Honestly speaking, it’s really tough being a daddy and recently my wife just drop a nuclear bomb at me for being easily frustrated with Athalie on a public holiday (which to her was suppose to be a time to spend quality time as a family). The reason for my short-temperedness was of course due to the fact that I had stayed up till 3am the night before caught up with setting up the blog.. :P
“KNOW YOUR PRIORITIES” (Ju Li, 2011)
It’s tough managing my wants and fancies and balancing all of that with the added responsibility of fatherhood apart from the load full of commitment and time sacrifices.
BUT
Despite all of the ramblings, complaint, grievance, grumbles, gripes (they all mean the same thing - just Shift F7)… all of it just disappears when she smiles when she sees me walking up the stairs coming back from work, laugh a hearty laugh when I do stupid faces/actions (which if done in front of my colleagues, I’ll pretty much be labeled a weirdo and placed to sit at a corner right beside the toilet), hugs me when I carry her, obediently listens to our instructions (which she does most of the time), shares her toys with me by trying to put them in my mouth, tries to run away and screams in excitement every time I say “Daddy is chasing Athalie”, falls asleep on my shoulder (only when mummy is not around), lies on my lap while she drinks her milk from her bottle, quietly lies down in the morning when daddy n mummy are still asleep or try to wake daddy n mummy by slapping our faces, kisses me, grasps my hand, rejects being carried by another person and wants to only be carried by me (juz makes me feel really important), points cutely to the things she want or where she wants to go and gives us a big smile when we wake up (as if she has been waiting for a very long time for us to open our eyes)… shares her food with me… gives you the kesian look to pick her up… and hugs u when she’s being carried… it all just melts away all the negativity…

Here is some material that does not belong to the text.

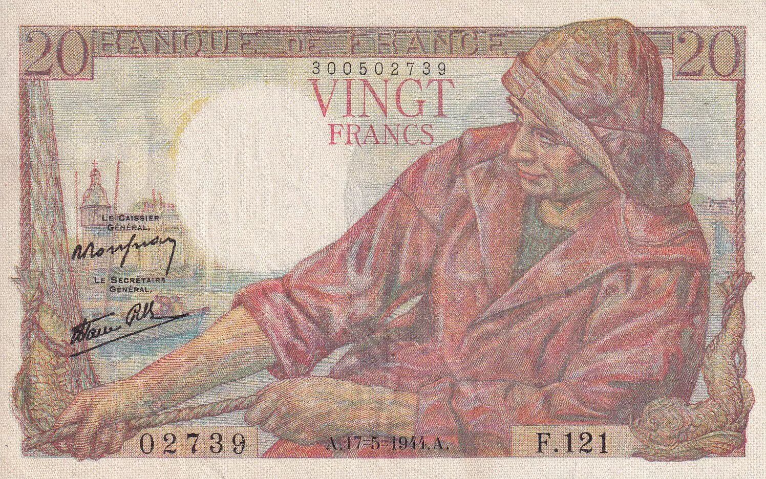 Home > > France 20 Francs - Fisher - 17-05-1944 - Serial F.121 - P.100

So… life is pretty fair… as much as it really sucks with all these additional commitments and responsibilities and losing a lot of my own private time... life also throws in hand in hand moments that I could never have if I never had Athalie.
To Athalie… a thousand days of hell is all worth just to receive a smile from you…
And to my wife… I sometimes might not seem to appreciate all that you have, are and will be doing (as I can be quite a selfish, self-absorbed man)… I am thankful each day for all the sacrifices that you have, is and will be making and I cannot thank God enough for entrusting to me such a wonderful person. Muah!!!